[Start of section]
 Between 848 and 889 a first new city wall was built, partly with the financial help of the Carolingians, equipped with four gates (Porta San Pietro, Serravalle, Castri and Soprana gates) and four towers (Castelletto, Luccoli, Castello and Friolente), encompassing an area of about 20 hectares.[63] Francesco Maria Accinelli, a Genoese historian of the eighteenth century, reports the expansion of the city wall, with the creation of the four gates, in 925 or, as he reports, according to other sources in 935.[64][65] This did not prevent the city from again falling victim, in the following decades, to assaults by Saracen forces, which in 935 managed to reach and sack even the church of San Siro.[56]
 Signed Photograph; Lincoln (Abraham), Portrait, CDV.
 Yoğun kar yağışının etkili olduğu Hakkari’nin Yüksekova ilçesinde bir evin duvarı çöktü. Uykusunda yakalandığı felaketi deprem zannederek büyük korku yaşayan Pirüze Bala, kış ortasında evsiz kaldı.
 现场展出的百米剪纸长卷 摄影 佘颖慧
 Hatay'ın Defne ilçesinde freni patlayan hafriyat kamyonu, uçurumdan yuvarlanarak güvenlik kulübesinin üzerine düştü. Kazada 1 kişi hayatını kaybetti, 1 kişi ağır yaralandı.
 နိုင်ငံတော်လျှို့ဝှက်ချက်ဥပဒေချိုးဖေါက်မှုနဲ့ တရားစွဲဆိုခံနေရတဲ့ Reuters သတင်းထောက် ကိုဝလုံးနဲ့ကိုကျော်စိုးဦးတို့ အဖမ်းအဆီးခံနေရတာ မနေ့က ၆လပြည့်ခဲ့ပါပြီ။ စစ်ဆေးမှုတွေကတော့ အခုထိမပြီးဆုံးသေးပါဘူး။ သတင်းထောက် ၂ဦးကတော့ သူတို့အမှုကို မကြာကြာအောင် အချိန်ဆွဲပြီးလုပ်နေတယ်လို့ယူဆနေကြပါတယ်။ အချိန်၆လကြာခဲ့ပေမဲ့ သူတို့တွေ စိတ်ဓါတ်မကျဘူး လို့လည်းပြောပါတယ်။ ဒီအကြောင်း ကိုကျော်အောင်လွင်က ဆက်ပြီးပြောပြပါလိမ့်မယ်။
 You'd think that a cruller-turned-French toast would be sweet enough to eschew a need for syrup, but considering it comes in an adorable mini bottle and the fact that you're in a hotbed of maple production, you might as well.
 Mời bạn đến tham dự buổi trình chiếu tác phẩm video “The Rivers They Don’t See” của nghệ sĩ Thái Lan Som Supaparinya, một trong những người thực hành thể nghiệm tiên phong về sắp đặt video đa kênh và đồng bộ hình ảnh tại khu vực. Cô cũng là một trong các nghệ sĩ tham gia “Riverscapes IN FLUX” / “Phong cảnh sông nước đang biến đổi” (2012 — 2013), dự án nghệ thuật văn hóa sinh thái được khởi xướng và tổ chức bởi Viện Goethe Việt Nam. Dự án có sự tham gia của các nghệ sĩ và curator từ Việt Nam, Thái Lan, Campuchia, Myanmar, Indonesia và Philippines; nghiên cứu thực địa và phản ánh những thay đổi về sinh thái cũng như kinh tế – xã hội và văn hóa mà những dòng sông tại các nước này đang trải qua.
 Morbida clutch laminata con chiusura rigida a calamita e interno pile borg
[End of section]
[Start of section]
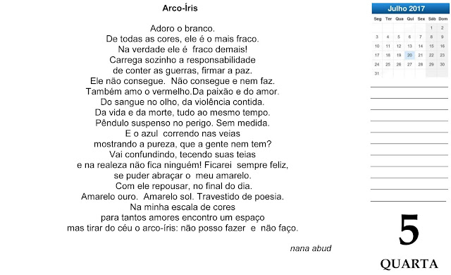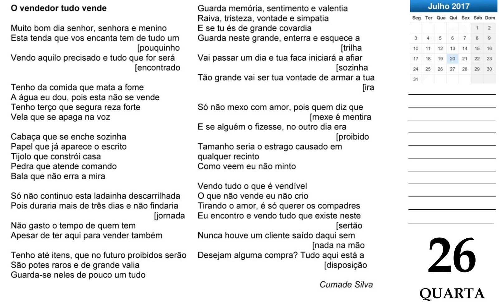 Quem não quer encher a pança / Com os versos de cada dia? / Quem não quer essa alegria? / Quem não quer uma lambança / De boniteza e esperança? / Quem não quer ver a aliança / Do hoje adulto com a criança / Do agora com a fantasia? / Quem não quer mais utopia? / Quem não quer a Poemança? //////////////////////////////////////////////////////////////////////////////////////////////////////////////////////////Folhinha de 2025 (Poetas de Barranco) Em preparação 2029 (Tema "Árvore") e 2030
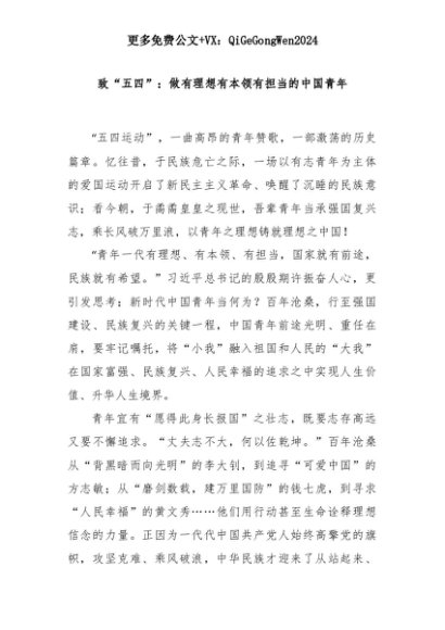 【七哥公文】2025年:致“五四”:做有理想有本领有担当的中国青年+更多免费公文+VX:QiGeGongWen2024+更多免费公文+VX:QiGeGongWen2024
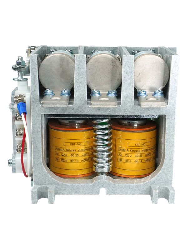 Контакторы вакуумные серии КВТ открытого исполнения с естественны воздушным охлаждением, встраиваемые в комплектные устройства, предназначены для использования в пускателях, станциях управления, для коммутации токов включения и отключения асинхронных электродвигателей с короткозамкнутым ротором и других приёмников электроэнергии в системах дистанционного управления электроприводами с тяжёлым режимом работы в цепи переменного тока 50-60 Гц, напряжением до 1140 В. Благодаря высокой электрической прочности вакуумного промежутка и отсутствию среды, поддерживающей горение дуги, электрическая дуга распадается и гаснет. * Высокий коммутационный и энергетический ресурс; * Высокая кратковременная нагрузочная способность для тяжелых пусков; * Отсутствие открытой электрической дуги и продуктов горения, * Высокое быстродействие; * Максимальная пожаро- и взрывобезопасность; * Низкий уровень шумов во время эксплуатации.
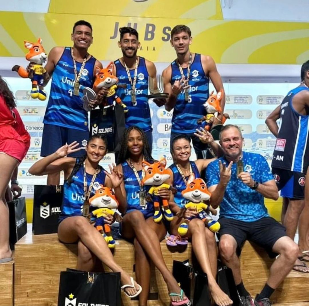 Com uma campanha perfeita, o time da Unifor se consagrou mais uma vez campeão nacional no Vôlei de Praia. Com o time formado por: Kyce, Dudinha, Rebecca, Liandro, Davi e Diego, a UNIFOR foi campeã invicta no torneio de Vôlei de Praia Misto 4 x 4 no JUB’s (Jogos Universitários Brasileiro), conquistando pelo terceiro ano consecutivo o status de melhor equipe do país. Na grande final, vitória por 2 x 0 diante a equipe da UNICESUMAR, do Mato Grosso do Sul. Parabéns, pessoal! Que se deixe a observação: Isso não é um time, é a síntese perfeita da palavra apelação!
[End of section]
EXERCISE BRIEF. All lines above from the one with "ဒီအကြောင်း ကိုကျော်အောင်လွင်က ဆက်ပြီးပြောပြပါလိမ့်မယ်။" to the one with "Morbida clutch laminata", inclusive, should be copied exactly, and no other lines.

FINISHED TASK.
 နိုင်ငံတော်လျှို့ဝှက်ချက်ဥပဒေချိုးဖေါက်မှုနဲ့ တရားစွဲဆိုခံနေရတဲ့ Reuters သတင်းထောက် ကိုဝလုံးနဲ့ကိုကျော်စိုးဦးတို့ အဖမ်းအဆီးခံနေရတာ မနေ့က ၆လပြည့်ခဲ့ပါပြီ။ စစ်ဆေးမှုတွေကတော့ အခုထိမပြီးဆုံးသေးပါဘူး။ သတင်းထောက် ၂ဦးကတော့ သူတို့အမှုကို မကြာကြာအောင် အချိန်ဆွဲပြီးလုပ်နေတယ်လို့ယူဆနေကြပါတယ်။ အချိန်၆လကြာခဲ့ပေမဲ့ သူတို့တွေ စိတ်ဓါတ်မကျဘူး လို့လည်းပြောပါတယ်။ ဒီအကြောင်း ကိုကျော်အောင်လွင်က ဆက်ပြီးပြောပြပါလိမ့်မယ်။
 You'd think that a cruller-turned-French toast would be sweet enough to eschew a need for syrup, but considering it comes in an adorable mini bottle and the fact that you're in a hotbed of maple production, you might as well.
 Mời bạn đến tham dự buổi trình chiếu tác phẩm video “The Rivers They Don’t See” của nghệ sĩ Thái Lan Som Supaparinya, một trong những người thực hành thể nghiệm tiên phong về sắp đặt video đa kênh và đồng bộ hình ảnh tại khu vực. Cô cũng là một trong các nghệ sĩ tham gia “Riverscapes IN FLUX” / “Phong cảnh sông nước đang biến đổi” (2012 — 2013), dự án nghệ thuật văn hóa sinh thái được khởi xướng và tổ chức bởi Viện Goethe Việt Nam. Dự án có sự tham gia của các nghệ sĩ và curator từ Việt Nam, Thái Lan, Campuchia, Myanmar, Indonesia và Philippines; nghiên cứu thực địa và phản ánh những thay đổi về sinh thái cũng như kinh tế – xã hội và văn hóa mà những dòng sông tại các nước này đang trải qua.
 Morbida clutch laminata con chiusura rigida a calamita e interno pile borg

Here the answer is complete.